Our project predominantly uses HTTP to facilitate communication between the client binary and the server. The potential uses cases include updating the global models and training to use the custom gesture model. These requests are HTTP posts which include a JSON payload of authentication tokens and either raw Leap Motion data or trained model eg:
{
user: "Batman"
userid: "80085"
model: [a1, a2, a3]
}

User - Binary Interaction

The user interacts with a UI generated by QT and powered by Python. The binary includes Leap Motion libraries for Python and Javascript that will facilitate communication with the Leap Motion device. The Javascript Leap Motion libraries in conjunction with Three.js allow a visualizer that renders a live skeletal view of the user's ongoing interaction with Leap Motion. The skeletal structure of the hand is rendered by performing calculations with the orientation of the hand and subjecting it to the Phong model of shading. The Python portion of the binary is responsible for i. handling requesting JSON data via HTTP outlined in the paragraph above ii. interfaces with the Leap Motion to capture data for prediction of gestures iii. predicting labels from the model for gestures performed by processing live Leap Motion data using numpy and scipy

Server Model Training and Data processing

The server persists the raw data that was received into a database, MongoDB. This data is then parsed by the Machine learning toolkit (scikit-learn) with the help of data processing libraries like numpy and scipy and a model is created. This model is then sent out to users so that they have access to the latest gestures and persisted in the database. This is all facilitated via the communication protocols outlined in paragraph 1.

Website

All website communication happens via the methods and tactics outlined in paragraph 1

8. Machine Learning Analysis:

8.1 Data Collection

The data for training was collected from all of the team members. Each memeber used the expert module to collect the data.

Data collection steps:

  1. Chose an alphabet
  2. Make the respective sign in front of the leap motion

    2.1 If satisfied by the visualizer's feedback, continue holding the sign for 5 seconds
    2.2 If not, remove hand from view of the leap. This flushed the data collected for this iteration. 3. Repeat the process for a fixed number of iterations

In total 2080 data points were collected, with each alphabet having 80 rows.

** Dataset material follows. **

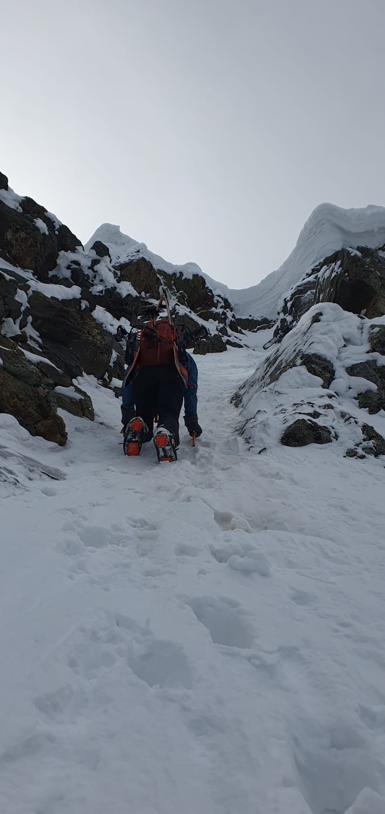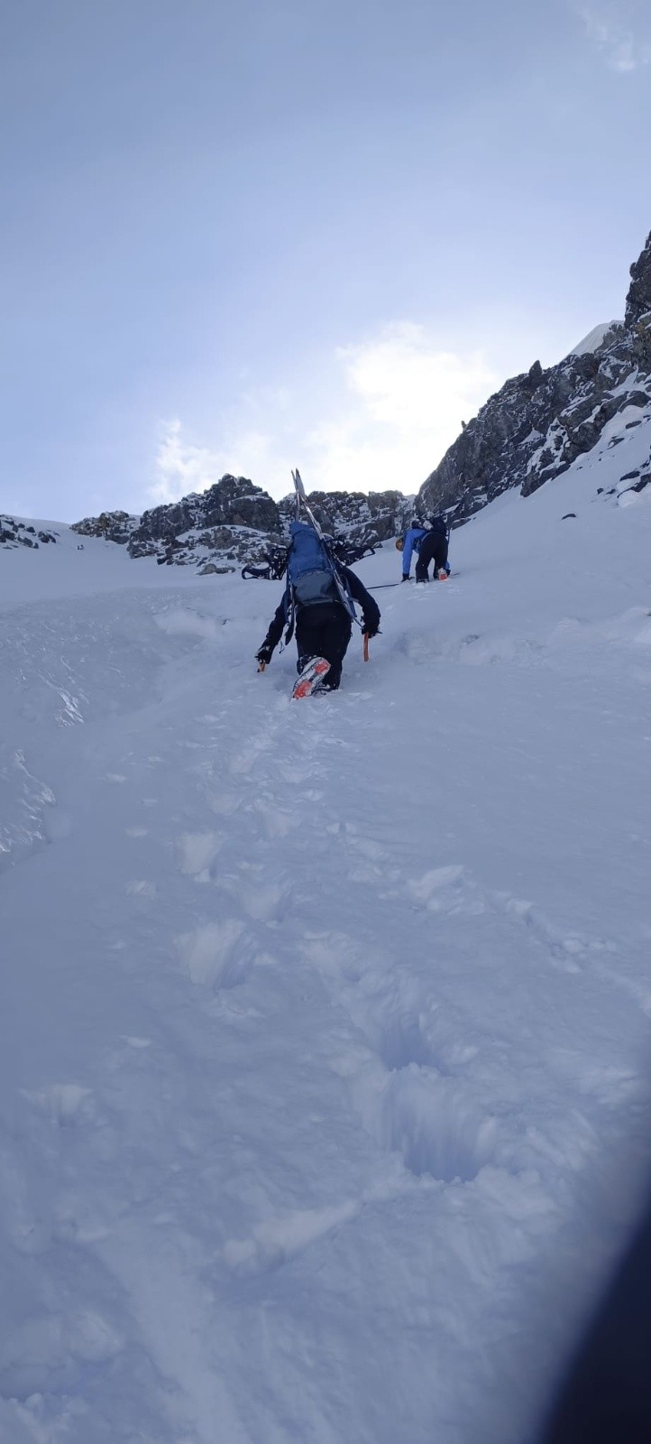 Portage depuis Pré Raymond jusqu'au Crozet, remontée dans la combe du Pic du Loup jusu'au col, remontée dans la combe NW de la grande Lance, remontée de la face NW.

8.2 Machine Learning Algorithms

The following Machine Learning algorithms were used:

  • k-Nearest Neighbor
  • Linear SVM
  • Decision Trees
  • Random Forest

We tried several other models, but the performance were not at par with these.

8.3 Model Selection

8.3.1 Leave One Group Out Cross-Validation

For the purpose of selecting the model, we went with Leave One Group Out cross-validation accuracy as the drivig factor. The groups here corresponded to each team members data. The model was trained on data from three members, and tested on the fourth members data. This was repeated for all four members data as test data and the average cross validation accuracy was calculated.

8.3.2 Parameter Tuning

Parameter tuning was performed using grid search cross validation over a range of parameter vaules. The parameter values that gave the least cross-validation error were then chosen for model selection.

  • k-Nearest Neighbor

* Random Forest
* Linear SVM
* Decision Trees

8.3.3 Model Comparison

The best accuracy(~84%) we got was for a Random Forest model, however we went with the Linear SVM classifier, mainly due to its stability and the time taken for training as compared to Random Forest. The bar plot below shows the comparison based on the cv-accuracy.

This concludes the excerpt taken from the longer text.